Herman was blij verrast en tegelijk ook verlegen zijn bewonderde voorbeeld zomaar op bezoek te krijgen, zeker na die gezamenlijke fietstocht die hij als volledig mislukt beschouwde. Eerst wist hij niets te zeggen, aangezien Schut zo grondig zwijgend voor hem stond. Hij ging hem voor naar de defecte lift en hielp hem, onhandig sjorrend aan zijn arm, naar boven. Omdat er, behalve een matras op de grond, niets was om op te gaan zitten, bleven ze staan, of eigenlijk bleef Herman staan, besluiteloos rondkijkend en ineens beseffend dat het bijzonder armetierig met hem was gesteld, terwijl Schut naar de geopende luiken liep en naar buiten keek. Om iets te zeggen begon Herman over Stendhal, in de hoop Schut tot spreken te verleiden. Deze reageerde echter nauwelijks, hij draaide zich niet eens om. Herman hield toen maar zijn mond, bang iets doms te hebben gezegd. Het scheen hem hierna onmogelijk nog iets anders ter sprake te brengen. Er zat nu niets anders op dan iets te drinken aan te bieden. Maar zelfs daarover durfde hij niet te beginnen, omdat Schut een dergelijk onderwerp vast en zeker te banaal voor woorden vond. Hij ging daarom zonder iets te zeggen naar beneden om bij Henkie twee flesjes bier uit het krat te halen. Tussen de vuile vaat grabbelde hij naar een opener en bleef vervolgens staan, aangezien hij er tegen op zag meteen terug te moeten gaan.
Toen hij weer boven kwam, zei Schut, zonder het bier aan te pakken: ‘Ja, Stendhal.’ Herman stond er met die twee flesjes in zijn hand en antwoordde schaapachtig met een langgerekt: ‘Jaa...,’ alsof er iets heel diepzinnigs was gezegd. Zo stonden ze daar allebei over Stendhal na te denken zonder er woorden voor te kunnen vinden. ‘Tja,’ zei Herman ten slotte.
Daarna dronken ze het bier op en maakte Schut aanstalten om weg te gaan.
Bij het afscheid hield hij Hermans hand heel lang vast, veel te lang eigenlijk; naar het scheen waren zijn gedachten al elders en het leek alsof hij per ongeluk zijn hand had achtergelaten. Daardoor had Visch, ook toen Schut daadwerkelijk vertrokken was, nog steeds het gevoel dat hij diens hand vasthield.
Visch moest er eerst even over nadenken, maar toen hij zijn verwarring had overwonnen, raakte hij zo opgetogen over het bezoek van Schut, en niet alleen daarover, over alles wat hij de laatste tijd ontdekt had: de zwijgzaamheid, Julien Sorel, de ondoorgrondelijkheid en diepgang die hij achter al die dingen vermoedde, hij was er zo enthousiast over, dat hij er het liefst honderduit over had gesproken. Maar tegen wie? Henkie zou er niets van begrijpen, die viel meteen af. Wisselaar? Die gebruikte hij alleen voor de boeken. Schut ging ook niet, over hem wilde hij juist vertellen. Ida dan? Nee, Ida niet. Haar broer misschien, die zou het begrijpen. Maar hem kende hij helaas niet. Wat zou hij graag een nieuw iemand ontmoeten, om hem alles, maar dan ook alles te vertellen, iemand als Kor Korver, de briljante schilder die overal was geweest en die alles wist en die hem meteen zou begrijpen. Maar die was in Duitsland. Er was helemaal niemand die naar hem kon luisteren.

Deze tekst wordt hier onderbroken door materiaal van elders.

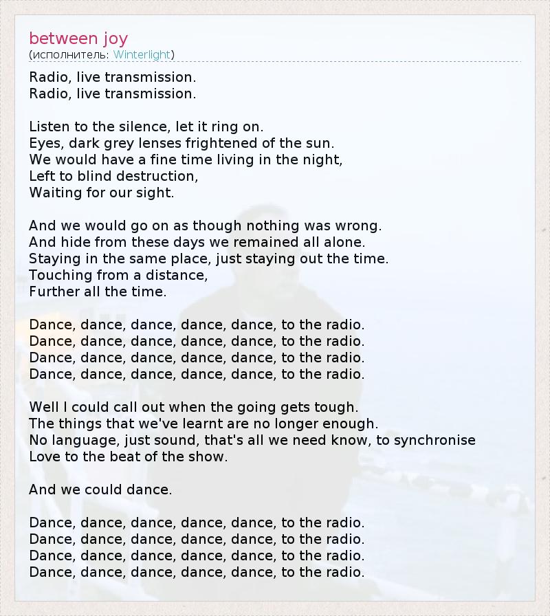 Танцуй, танцуй, танцуй, танцуй, танцуй под радио.

Plosteling wist hij zich geheel onbegrepen en tragisch miskend. Hij zou zich daarover bedroefd moeten voelen, hij vond het vreemd dat dit niet gebeurde. Integendeel, hij voelde zich er nogal gewichtig door. Onbegrepen. Miskend. Hij was er zeer tevreden over. Nog even en hij zou iemand zijn, iemand die, omdat hij niet begrepen kan worden, zich onttrekt aan alle beoordeling, die van alles niet is. Hij zou iemand zijn die anders was. Iemand anders zou hij zijn, iemand die je alleen uit de verte kent.

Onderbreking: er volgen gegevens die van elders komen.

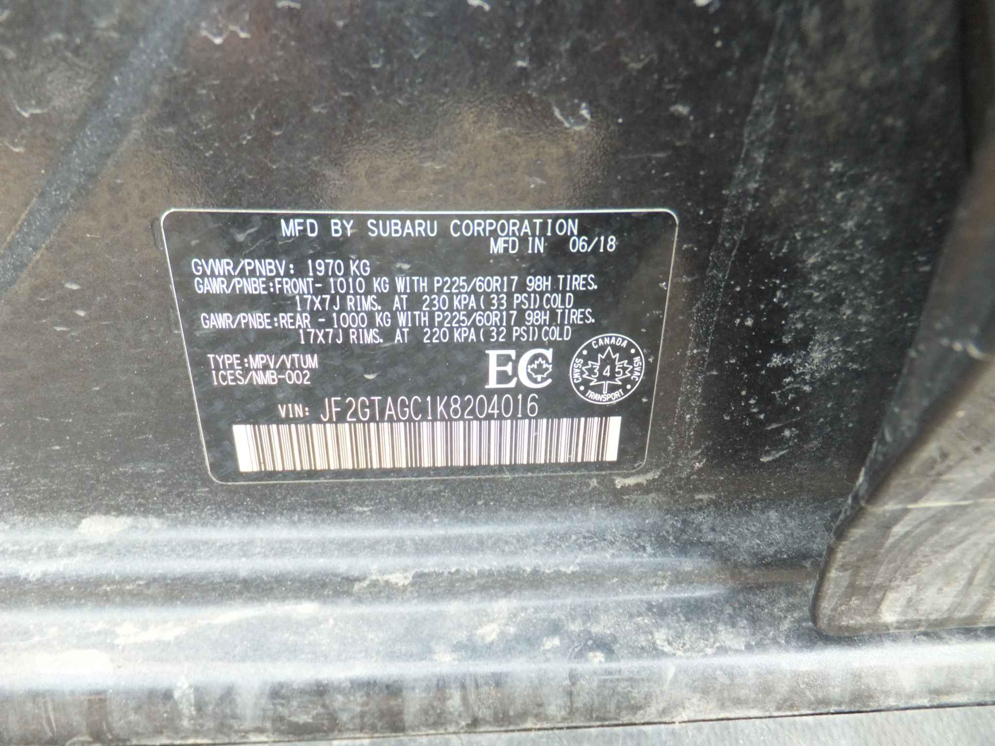 JF2GTAGC1K8******

Het onbegrepene opende zich als een geweldige ruimte, een onafzienbare verte waar niets precies te onderscheiden was en de dingen zich voordeden als luchtspiegelingen en dromen: onbereikbaar, onaantastbaar, zelfs voor de dromer. Binnenkort zou hij de benauwenis van het hier en nu van zich afschudden. Dan zou hij louter uit verte bestaan en viel hem een leven toe dat hij zich had gedroomd, het leven dat ginds en straks te gebeuren stond.